By Abdul Ghani
Sindh has completed the rehabilitation of 141 flood-hit farm-to-market roads spanning 848.7 kilometres across 19 districts under the Sindh Flood Emergency Rehabilitation Project, according to official documents available with Wealth Pakistan.
The completed road works are part of Component 1: Infrastructure Rehabilitation of the project, aimed at restoring mobility, market access and rural connectivity in areas devastated by floods. The documents show that the road package has been marked “Completed”, with all 141 roads rehabilitated against the listed scope.
The rehabilitated roads cover flood-hit districts of Jamshoro, Dadu, Naushahro Feroze, Thatta, Sujawal, Hyderabad, Matiari, Tando Allahyar, Badin, Tharparkar, Sanghar, Mirpurkhas, Shaheed Benazirabad, Larkana, Umerkot, Khairpur, Shikarpur, Kambar Shahdadkot and Sukkur.
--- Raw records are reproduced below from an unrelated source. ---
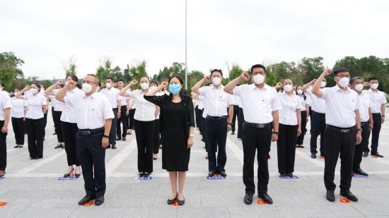 “起來!不愿做奴隸的人們!把我們的血肉筑成我們新的長城……”全體黨員干部和廣大教職工在宣誓廣場齊唱國歌,用嘹亮的歌聲祝福偉大的祖國繁榮富強。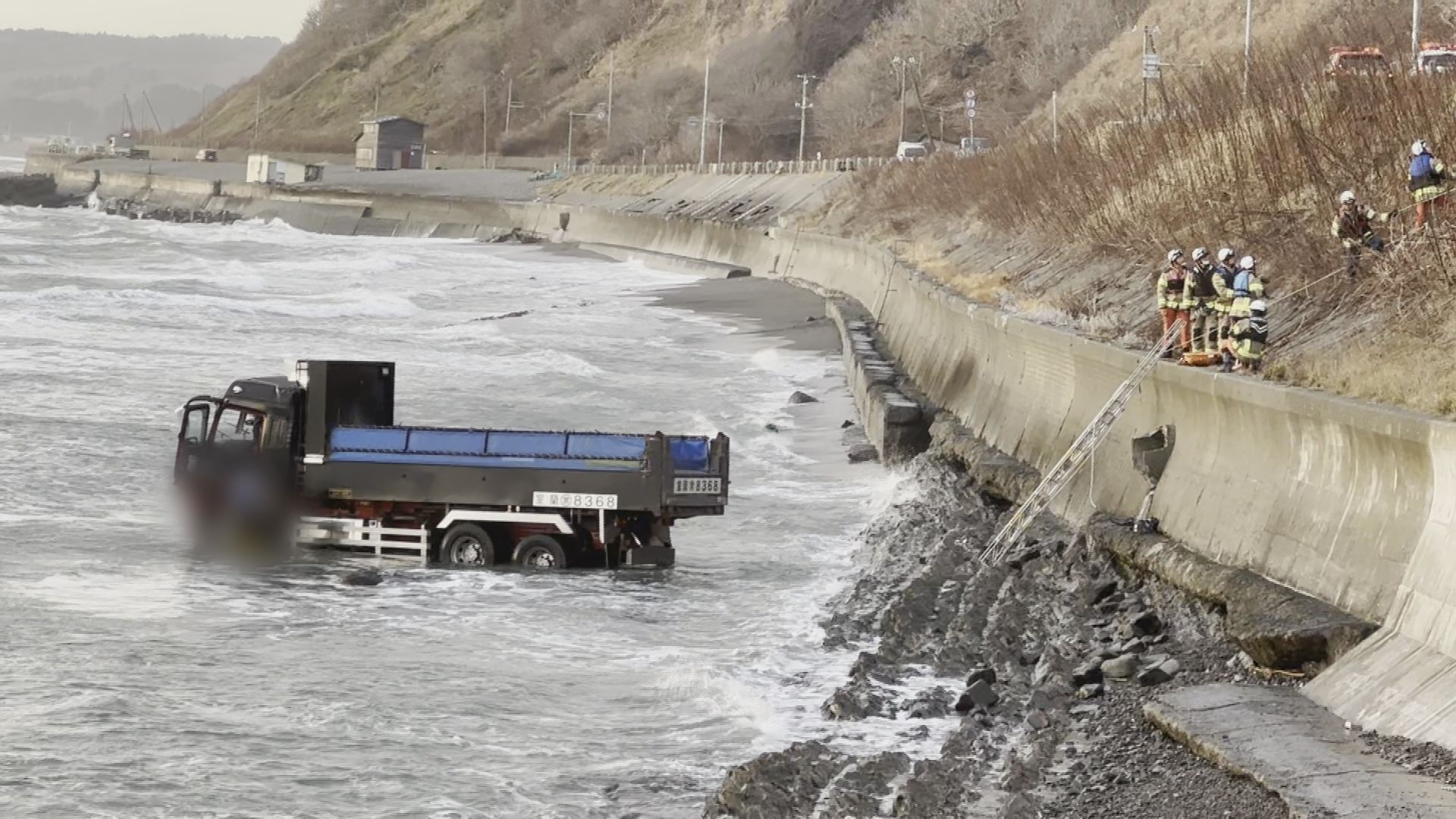 「ダンプが海へ落ちていった」走行中に何らかの原因で路外へ逸脱ーそのまま白波立つ海へ落ちたか…タイヤまで浸かる_60代男性運転手ケガ〈北海道新ひだか町〉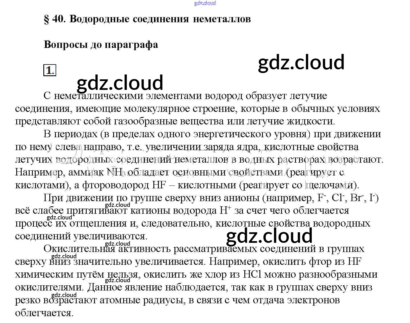 Вопросы до параграфа Ответы к § 40. Водородные соединения неметаллов по Химии 11 класс Учебник Рудзитис Базовый уровень Просвещение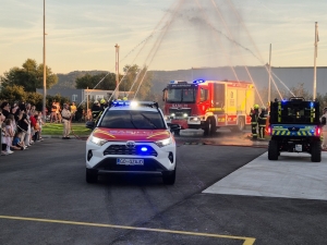 Za obiskovalce so gasilci pripravili zanimiv spremljevalni program. Najmlajši pionirčki so tekmovali v gasilskih veščinah, prikazana je bila tehnika plezanja in spuščanja po vrvi, gasilci PGD Podnanos pa so poskrbeli za atraktivno postavitev lestve. Poseben trenutek je bil priložnostni vodni slavolok za nova vozila, ki so jih letos prejeli ajdovski gasilci. Slavolok sta izvedli PGD Vipava in PGD Selo, vsaka s svojo starodobno gasilsko črpalko.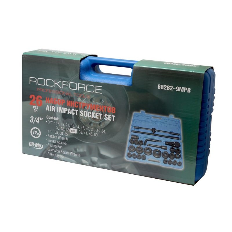 RF-68262-9MPB Набор инструментов ударных 26пр, 3/4''1''(12гр.)(17,19,22,24,27,30,32,33,34,35,36,36-6гр,38,41,46,50мм,1'':55,60,65мм)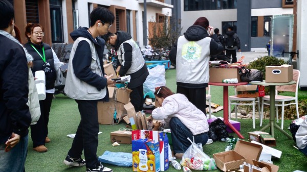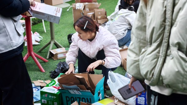 活动当天,工作人员早早布置好回收点位,清晰的分类区域让每件旧物都能“对号入座”。秋意微凉,现场却暖意融融。同学们三三两两结伴而来,有的手提叠放整齐的旧衣,有的抱着捆扎结实的纸箱,还有的拎着沉甸甸的塑料瓶,一步步走向回收点,也仿佛一步步走向更绿色的明天。工作人员默契配合,细心分拣、整理、打包,还不忘在同学搬运大件物品时快步上前搭把手。这一递一接之间,流淌的是理解,也是共同为环保出力的温暖。敢当书院/大数据学院的赵凤钏分享道:“知道这些旧物会变成生日会的装饰,感觉特别有意义!既解决了储物难题,又为一场温暖的聚会贡献了力量。”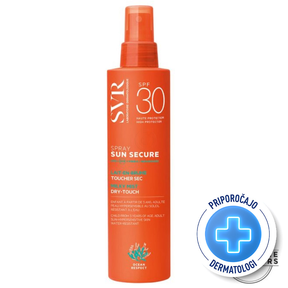 SVR Sun Secure sprej - ZF30+ omogoča ekspresen in homogen nanos. Še vedno brez kompromisov glede senzoričnosti z nevidnim zaključkom in brez belih sledi. Njegova mlečna in izjemno fina tekstura se zelo enostavno razmaže in pusti nemasten in nelepljiv zaključek. Koža je navlažena in satenasta. Zaradi nežnega poletnega vonja si ga želite nanesti znova in znova. Visoko odporen na vodo. Odporen na znoj in obrabo.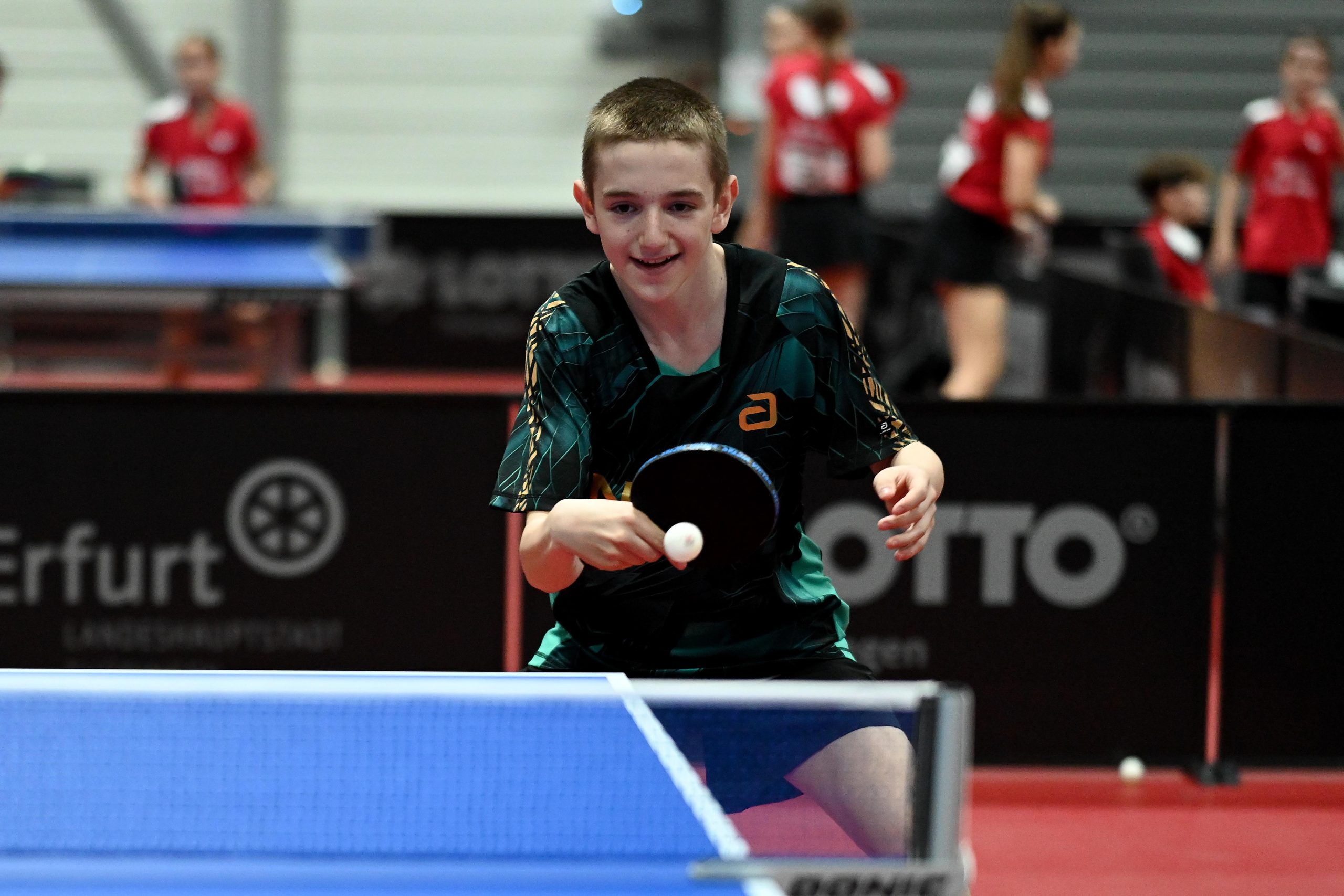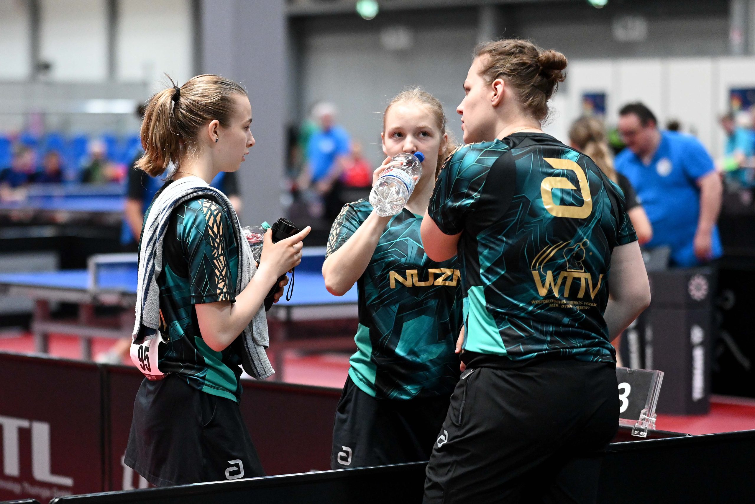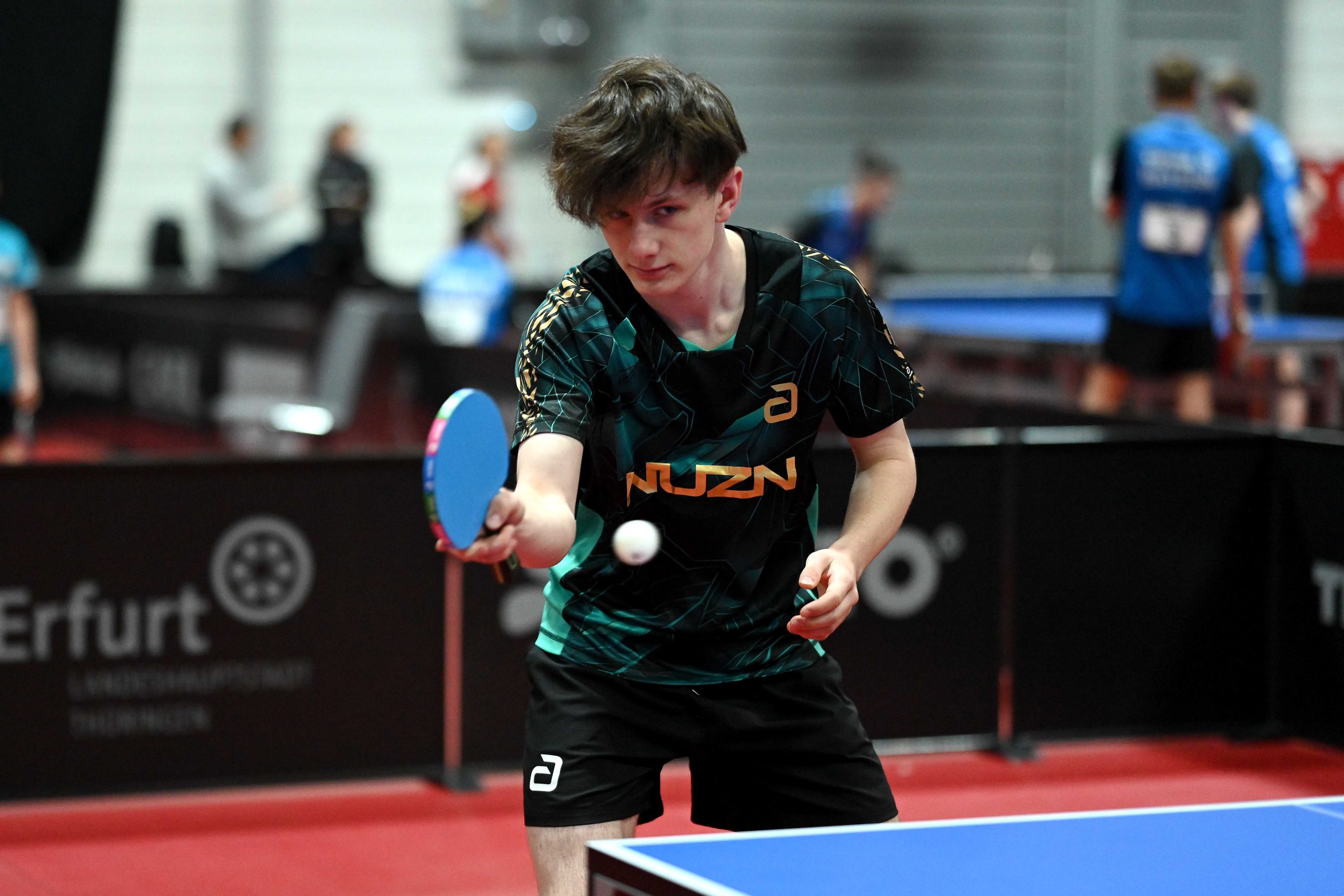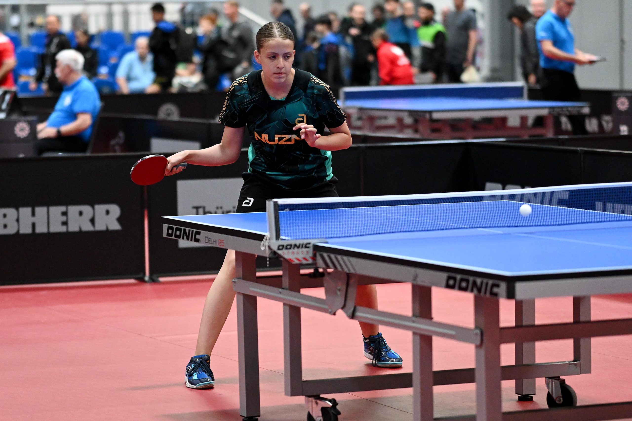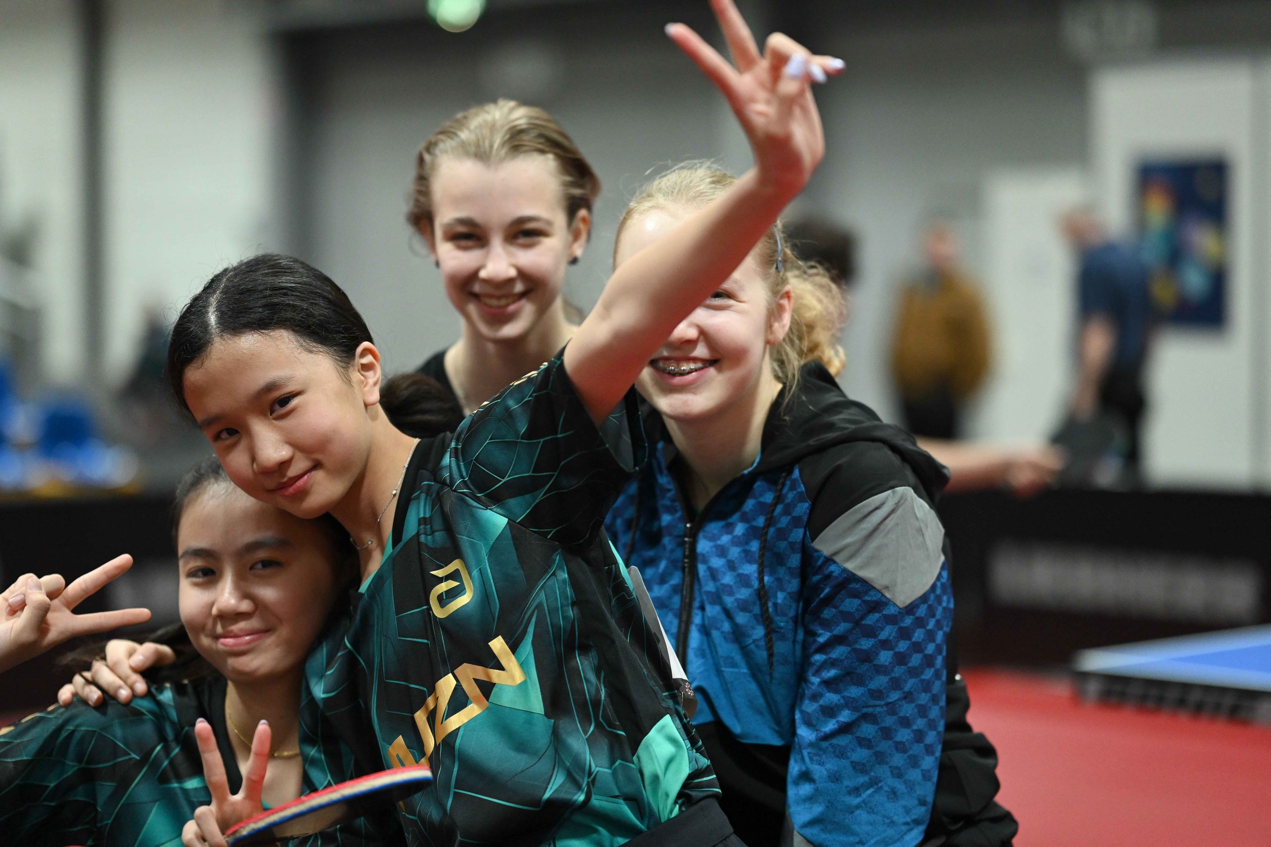 Nach dem sensationellem Ergebnis der Jugend 19 bei den TT-Finals in Erfurt starteten ab Freitagnachmittag mit Mariia Bodnar (DJK BW Annen), Greta Bögershausen (Borussia Düsseldorf), Rhea Zhu Chen (Borussia Düsseldorf), Emma Li (Borussia Düsseldorf), Frida Strugholz (TTC DJK Bad Westernkotten), Linyun Wei (TG Neuss) und Ruoqi Wei (TG Neuss) sieben Mädchen und fünf Jungen in das Turnier der Jugend 15.

The project deadline for this road component was listed as December 2027, but the official status shows the package has already been completed. The rehabilitated roads are expected to benefit around 5 million people, both directly and indirectly, by improving access to farms, markets, schools, health facilities and local commercial centres.
The documents also show wider progress under the Sindh Flood Emergency Rehabilitation Project. So far, 2.420 million people have benefited against the overall target of 5.3 million, while 1.171 million women have benefited against the target of 2.650 million.
In addition, 428,000 households have benefited so far, short of the target of 600,000. The project has also rehabilitated 205 kilometres of embankments to improved designs against a target of 250 kilometres, while 157,000 hectares of land have been restored against a target of 180,000 hectares.
The targets are listed in the documents as being in line with the World Bank Project Appraisal Document, with achievement targets set up to June 2028.
The completion of farm-to-market roads is significant because rural road connectivity is a major bottleneck in post-flood recovery. Damaged roads cut off villages from markets, delay the movement of crops and livestock, raise transport costs and weaken household incomes. Restoring these links can directly support agriculture, small trade and rural employment.